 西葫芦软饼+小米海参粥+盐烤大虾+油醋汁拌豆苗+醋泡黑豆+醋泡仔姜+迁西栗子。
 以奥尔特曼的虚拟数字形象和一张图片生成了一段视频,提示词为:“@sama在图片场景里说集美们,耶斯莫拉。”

--

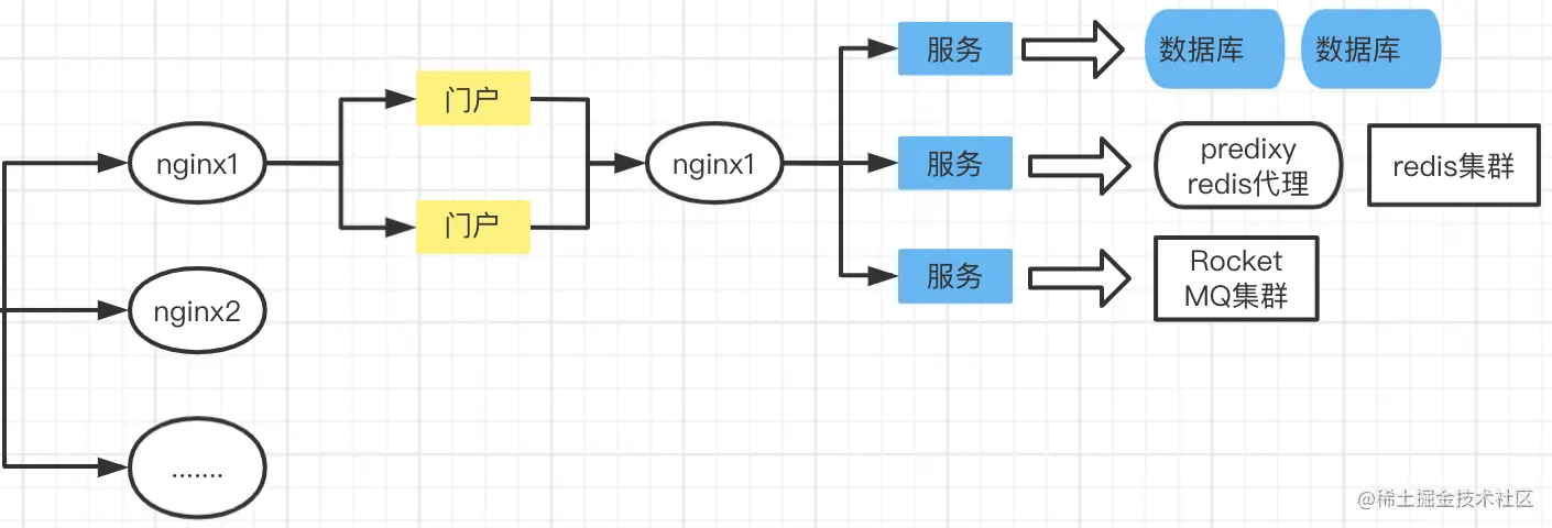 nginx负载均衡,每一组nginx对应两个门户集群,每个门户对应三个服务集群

--

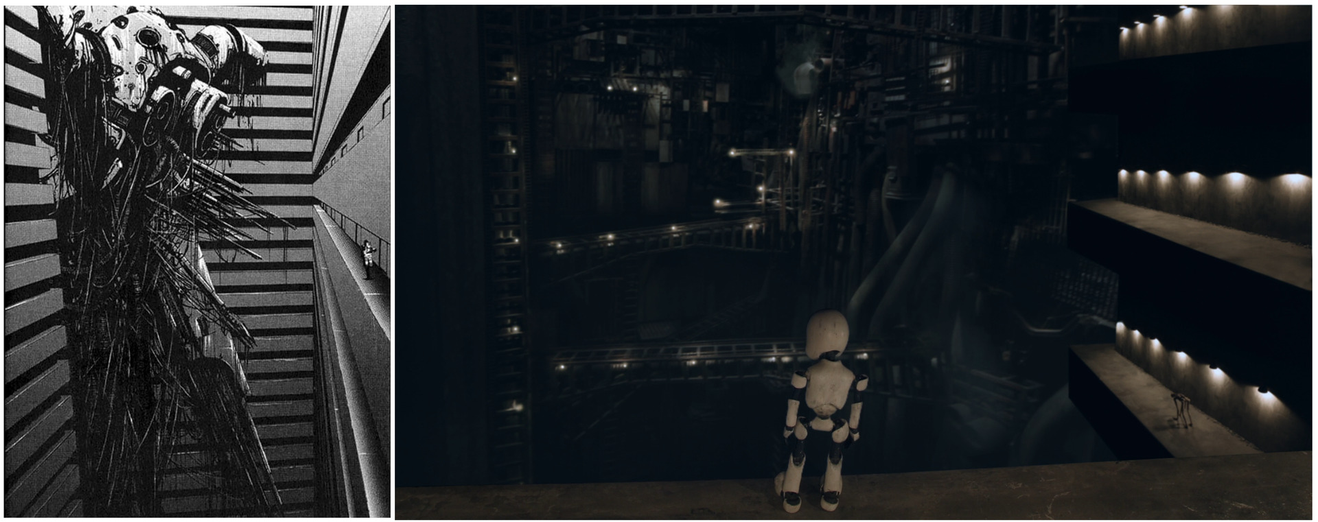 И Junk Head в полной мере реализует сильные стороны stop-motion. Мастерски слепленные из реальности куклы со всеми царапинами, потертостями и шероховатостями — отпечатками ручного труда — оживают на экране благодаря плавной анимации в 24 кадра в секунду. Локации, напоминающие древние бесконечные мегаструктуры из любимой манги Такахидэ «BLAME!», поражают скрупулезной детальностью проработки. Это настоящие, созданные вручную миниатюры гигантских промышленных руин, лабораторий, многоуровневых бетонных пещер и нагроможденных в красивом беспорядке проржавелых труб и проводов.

TASK DETAILS: Could you set down, word for word, only the lines above from the line with "西葫芦软饼+小米海参粥+盐烤大虾+油醋汁拌豆苗+醋泡黑豆+醋泡仔姜+迁西栗子。" to the line with "以奥尔特曼的虚拟数字形象和一", including both?

ANSWER TO THIS EXERCISE:
 西葫芦软饼+小米海参粥+盐烤大虾+油醋汁拌豆苗+醋泡黑豆+醋泡仔姜+迁西栗子。
 以奥尔特曼的虚拟数字形象和一张图片生成了一段视频,提示词为:“@sama在图片场景里说集美们,耶斯莫拉。”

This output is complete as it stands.